Сайт продается, подробности: whatsapp telegram
Скачать:TXTPDF
Апокалиптика и социализм. С. В. Булгаков

относительно философии истории и эсхатологии, — для всех почти идей, мотивов, настроений в этой области можно найти или аналогию или зародыш в апокалиптике. Она имеет значение как бы формальной логики или учения об основных «категориях» философии истории. И связанный с этим интерес духовного проникновения в мир иудейской апокалиптики с особенной живостью чувствуется в нашу эпоху, в сознании которой так неотступно встает проблема о смысле истории, цели ее и исходе, которая охвачена трепетным чувством какого-то стремительного, неудержимого, непроизвольного даже движения вперед, смутным ощущением исторического прорастания. Это разлито в нашей духовной атмосфере и питает такое характернейшее движение наших дней, как социализм, прорывается в кровавом и хмельном энтузиазме революций с их зелотизмом, но и с их историческим порывом. Наше ухо оказывается особенно чутко, когда прислушивается к биению исторического пульса хотя и отдаленных, но сродных эпох. Поэтому нисколько не удивительно, если при этом победоносном шествии историзма в современной науке внимание религиозно-исторического исследования все настойчивее и пристальнее останавливается (особенно последние десятилетия) на изучении апокалиптики, которая становится отчасти как будто историческим зеркалом и для нашей эпохи, сродняется с жгучей и тревожной современностью, становится для нас средством духовного ориентирования. Оставляя в стороне все остальные мотивы апокалиптики, в настоящем очерке мы ограничимся одной только этой темой.

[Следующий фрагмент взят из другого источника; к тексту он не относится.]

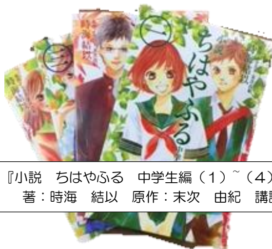
『小説 ちはやふる 中学生編（1）～（4）』 著：時海 結以 原作：末次 由紀 講談社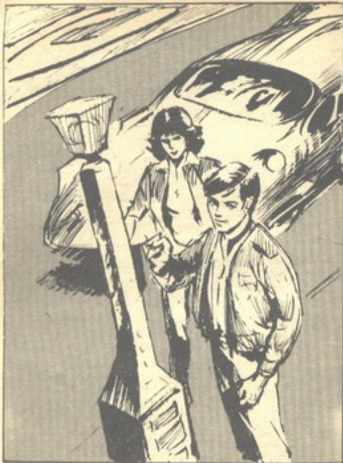
ضحك (نور) وهو يخرج كارثا صغيرا ويدنسه في ثقب صغير في العمود ..

II. АПОКАЛИПТИКА И «СОЦИОЛОГИЯ»

Апокалиптика в религиозной жизни иудейского народа исторически заступает место пророчества. Когда пророки умолкли, верующие стали искать ободрения в тяжелых жизненных обстоятельствах в таинственной, прикровенной псевдонимами, полной символов апокалиптике. Живое, личное слово пророка заменилось писаным, безличным произведением апокалиптиков. Сравнительно с огненным вдохновением великих пророков, слышавших и возвещавших слова Божий, апокалиптики представляются нам эпигонами[23], они питаются прежними вдохновениями и пророчествами[24], хотя и по-своему перерабатывают их. Вдохновение пророков было связано с их личностью и обстоятельствами, оно имело поводом определенные исторические события, причем сам пророк нередко был не только обличителем или «вещуном» (наби), но и общественным деятелем. Лишь беря отправным пунктом события современности, пророчество восходит далее в величественных поэтических образах[25] к созерцанию «тайн Царствия Божия» и судеб его в истории человечества и, в частности, еврейского народа. В противоположность этой практической природе пророчества апокалиптик остается созерцателем, набожным начетчиком, вопрошающим Бога о грядущем. Пророки возвестили своему народу, а через него и всему человечеству идею Ягве как Бога истории; они истолковывали исторические события как судьбины гнева Божия, как осуществление плана Его и правды Его. Начиная с Амоса, самого раннего из пророков, слова и дела которых записаны в книге, наблюдаем мы развитие этой идеи, — истории как откровения Бога[26]. Выступая в бурные и тревожные эпохи жизни народной, как буревестники истории (по меткому выражению Корнилля), они орлиным взором всматривались в будущее и там искали разгадки испытаний, исполнения обетовании если не на всем народе, то хотя на «остатке Израиля», на его «святом остатке». Они воспитывали в своем народе веру в непреложное торжество правды Божией — в обнаружение Бога в истории, подготовляли то мессианское мировоззрение, которое, выделяя Израиля из всех народов истории, подготовляло встречу истинному Мессии, чаянию языков.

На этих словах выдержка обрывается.